*WHAT TO DO*: From the first line of the entries below through the line bearing "2.492.DAX Tipp-Spiel, Freitag, 30.01.2015,17.45", write out each line exactly. Omit pictures.

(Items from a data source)
========================================================================
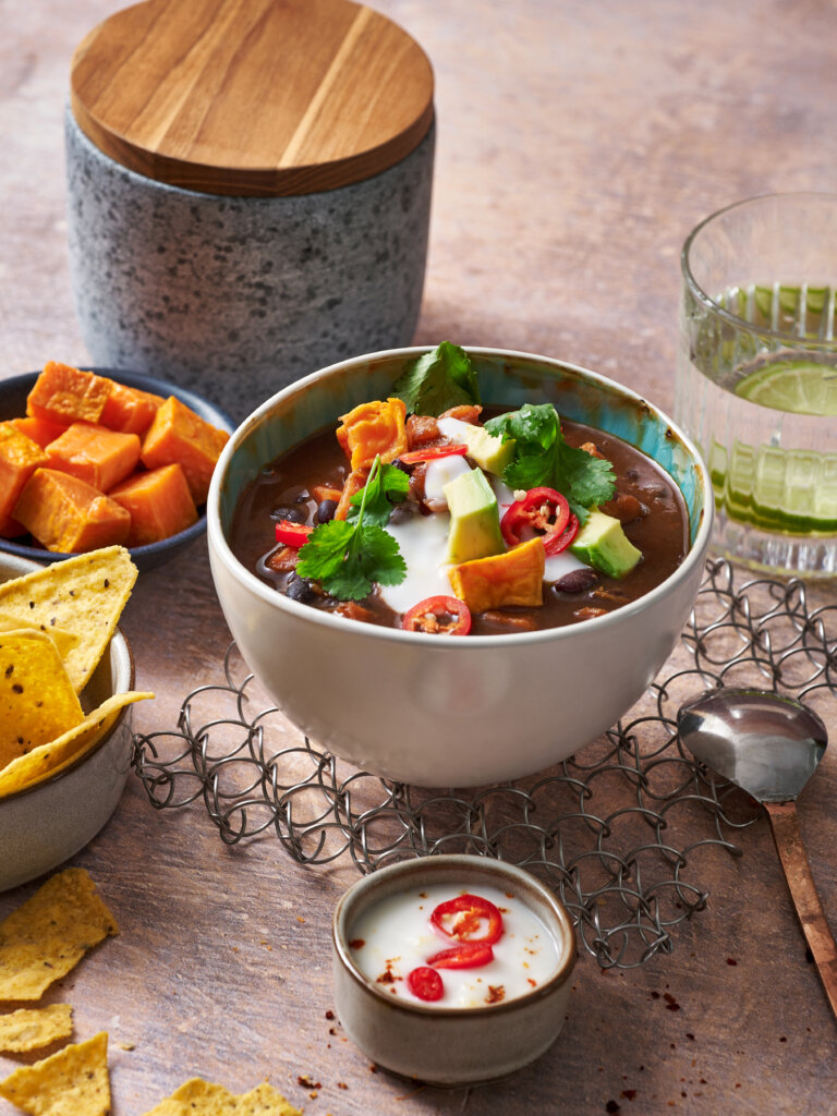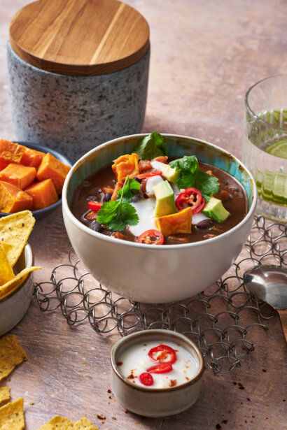 8. Zupu lej bļodiņās, pāri liek dažas karotes citronu jogurta, kubiņos sagrieztu avokado, pārkaisa ar kinzu un pasniedz kopā ar pannā uzsildītiem kukurūzas čipsiem.
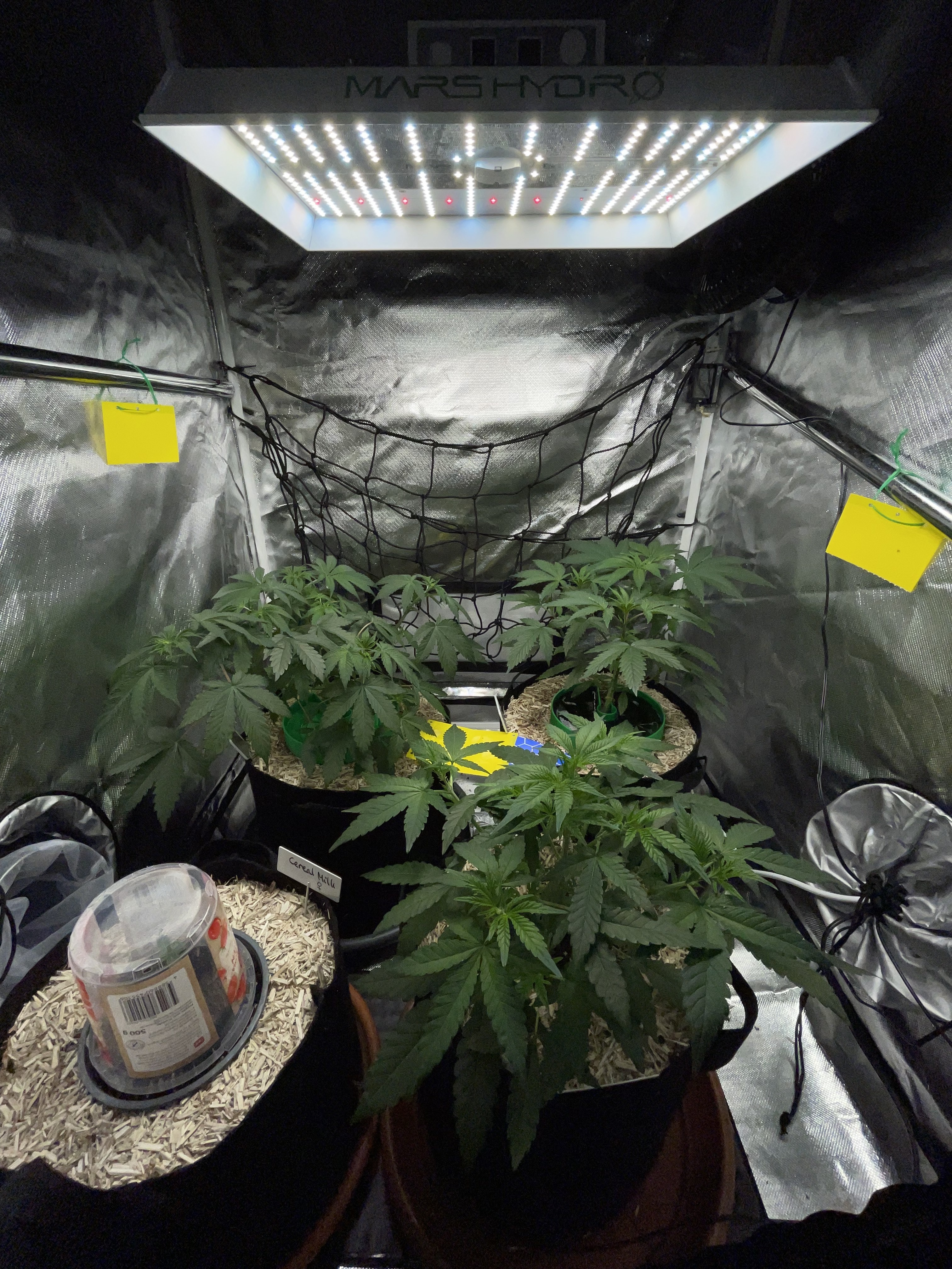 Here’s the smaller tent. The front two will soon move out, the back ones will move more to the center, and then it’s slowly heading towards the start of flowering. Maybe top all the shoots one more time. Let’s see ![]()
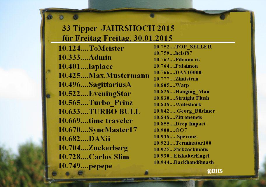 2.492.DAX Tipp-Spiel, Freitag, 30.01.2015,17.45 H
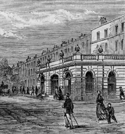 The station was opened as Gower Street on 10 January 1863 by the Metropolitan Railway (MR), the world's first underground railway.[8] The line runs east–west under Euston Road at this point. The station originally had entrances in single-storey pavilions with stone-effect stucco render on each side of Euston Road with stairs to the platforms.[9]
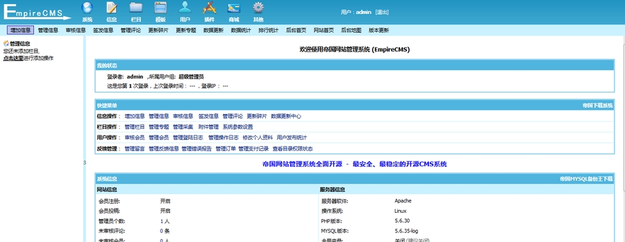 恭喜成功安装帝国网站,点击 “进入后台控制面案”(请记住管理地址。为确保服务器安全,可以远程登录后台服务器,将e/install目录删除);
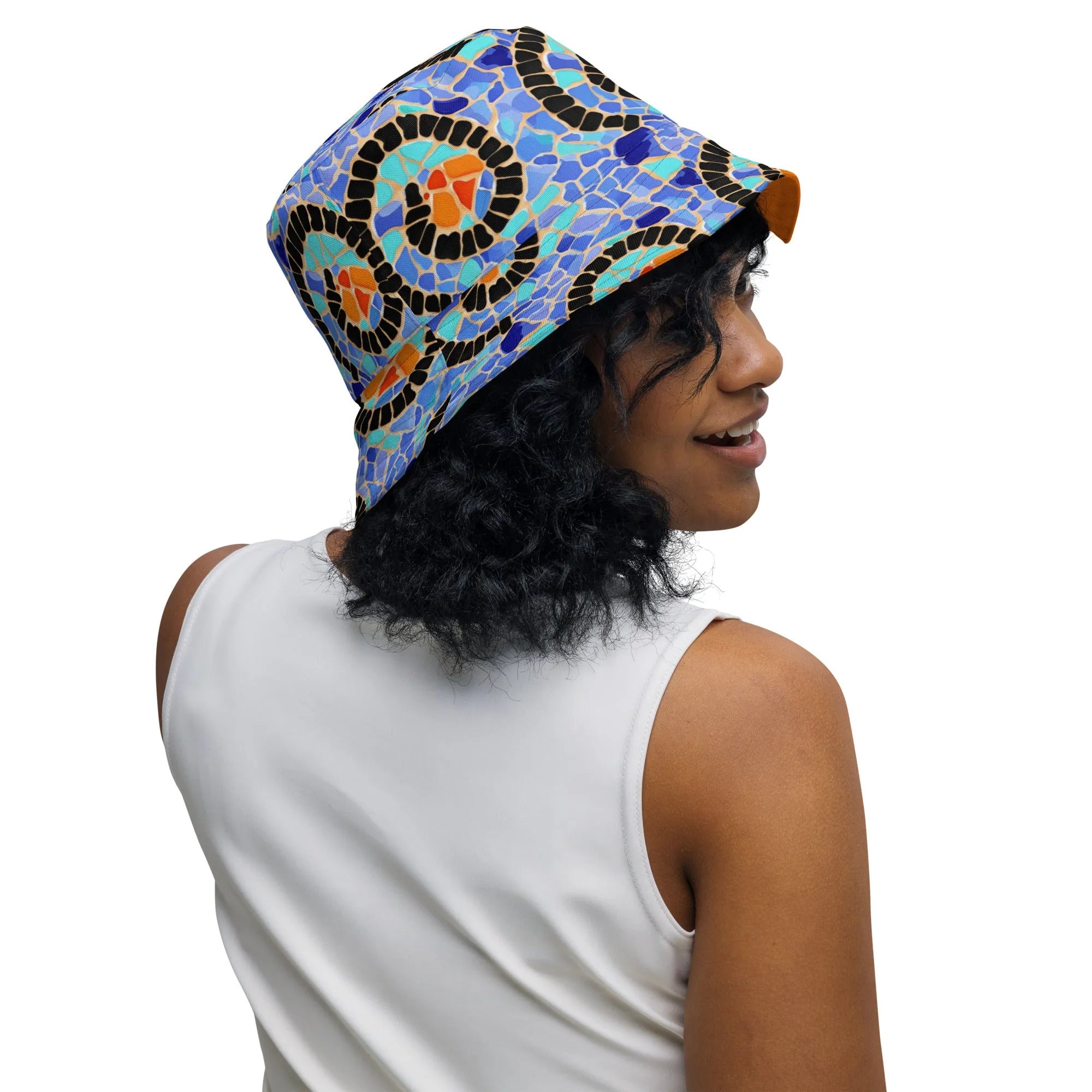 Shield yourself in style with the Reus Twirl Reversible Bucket Hat. Featuring a bold broken-tile design inspired by the sun-drenched mosaics of Parc Güell, this hat brings Modernist flair to your outdoor adventures. Lightweight, breathable, and built to block rays—it’s your go-to for staying cool under the Mediterranean sun or wherever your travels take you.
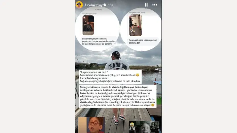 “Cep telefonun var mı? sorusundan sonra bana en çok gelen soru herhalde… Cevaplamalı mıyım sizce… Sağ alta çalışmaya başladığım yıllardan bir foto ekledim. Sizin yazdıklarınız merak ile alakalı değil ben çok farkındayım, üzülüyorum adınıza. Lütfen kendi işinize, gücünüze, kazancınıza bakın benim ne kazandığım kimseyi ilgilendirmiyor. Çok merak ediyorsanız Google’a ismimi yazarak yer aldığım bütün projeleri görebilirsiniz veya dijitalde yaptığım işleri de cebindeki telefonla iki dakika da görebilirsin. Şu teknolojiyi kullan artık! Rahatlayacaksanız yaptığımız aile işlerimiz dahil hepsini buraya video olarak atayım.”
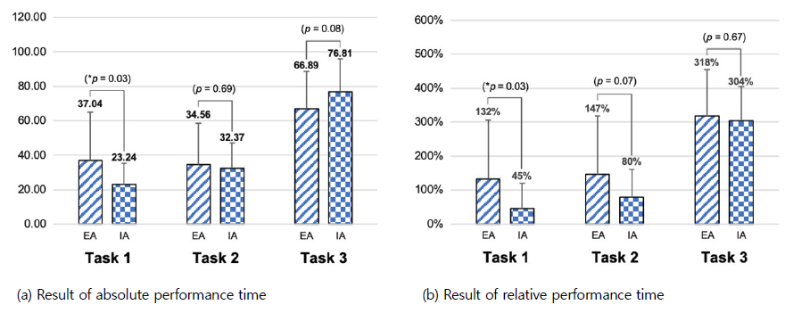 Efficiency was analyzed using an independent t-test. With one independent variable, improvement status (ImSt), influencing five dependent variables (absolute performance time, relative performance time, absolute click count, relative click count, error count), an independent t-test was conducted to determine if there were significant differences in the averages of Task 1, 2, and 3 (p < 0.05).
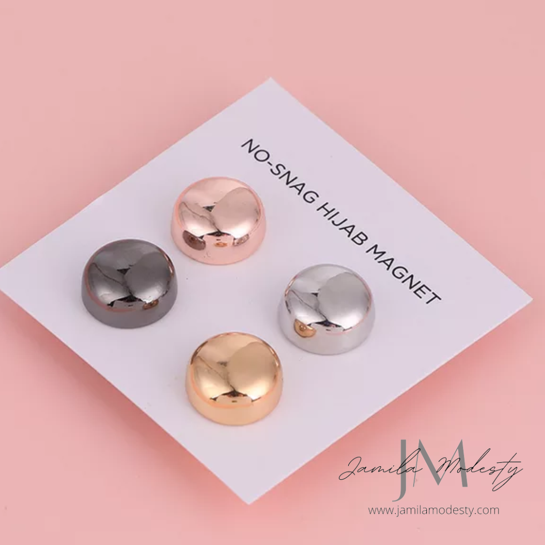 Our high quality, ultra strong, no-snag hijab magnets can now replace pins for a secure hold on even the softest fabrics. No more pin holes! The shiny finish give this set a luxe feel.
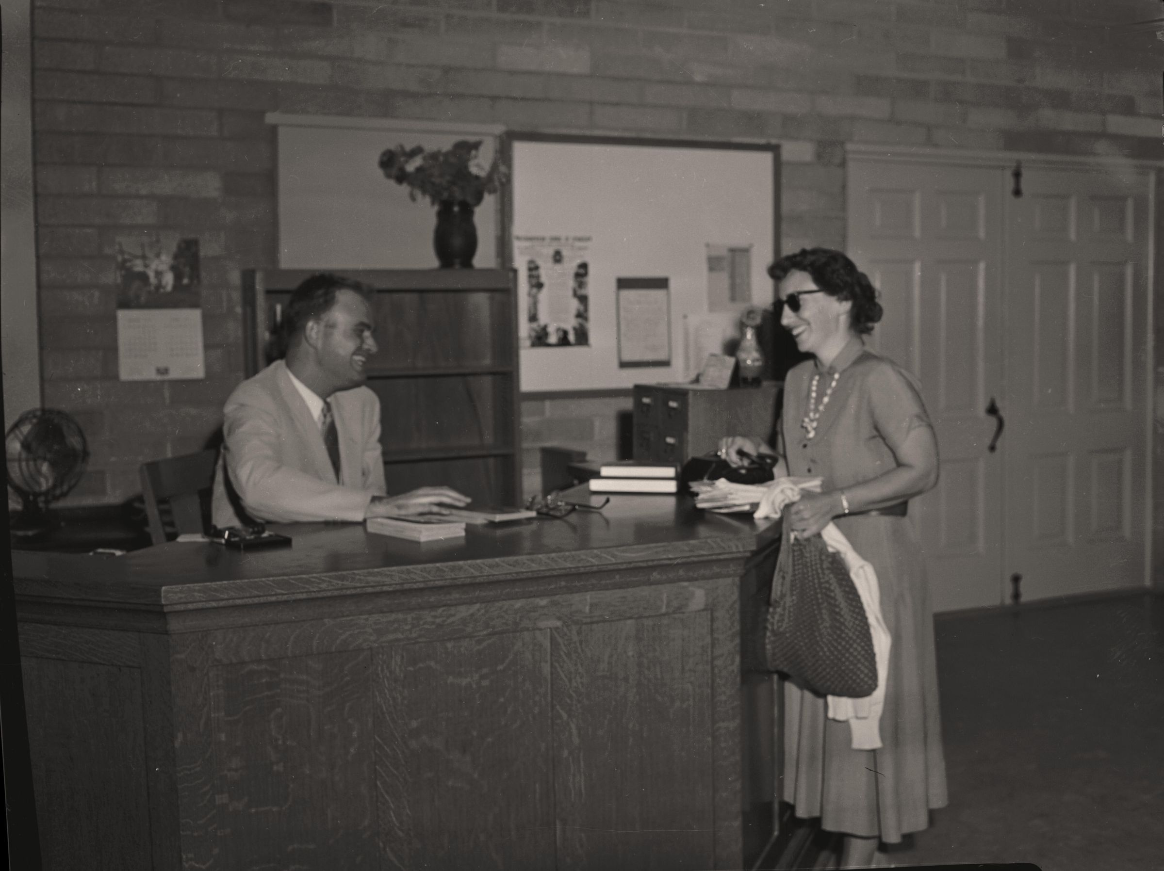 Librarian John Schmuck assists a library patron. LGL008Collection
========================================================================
*COMPLETED TASK*:
 8. Zupu lej bļodiņās, pāri liek dažas karotes citronu jogurta, kubiņos sagrieztu avokado, pārkaisa ar kinzu un pasniedz kopā ar pannā uzsildītiem kukurūzas čipsiem.
 Here’s the smaller tent. The front two will soon move out, the back ones will move more to the center, and then it’s slowly heading towards the start of flowering. Maybe top all the shoots one more time. Let’s see ![]()
 2.492.DAX Tipp-Spiel, Freitag, 30.01.2015,17.45 H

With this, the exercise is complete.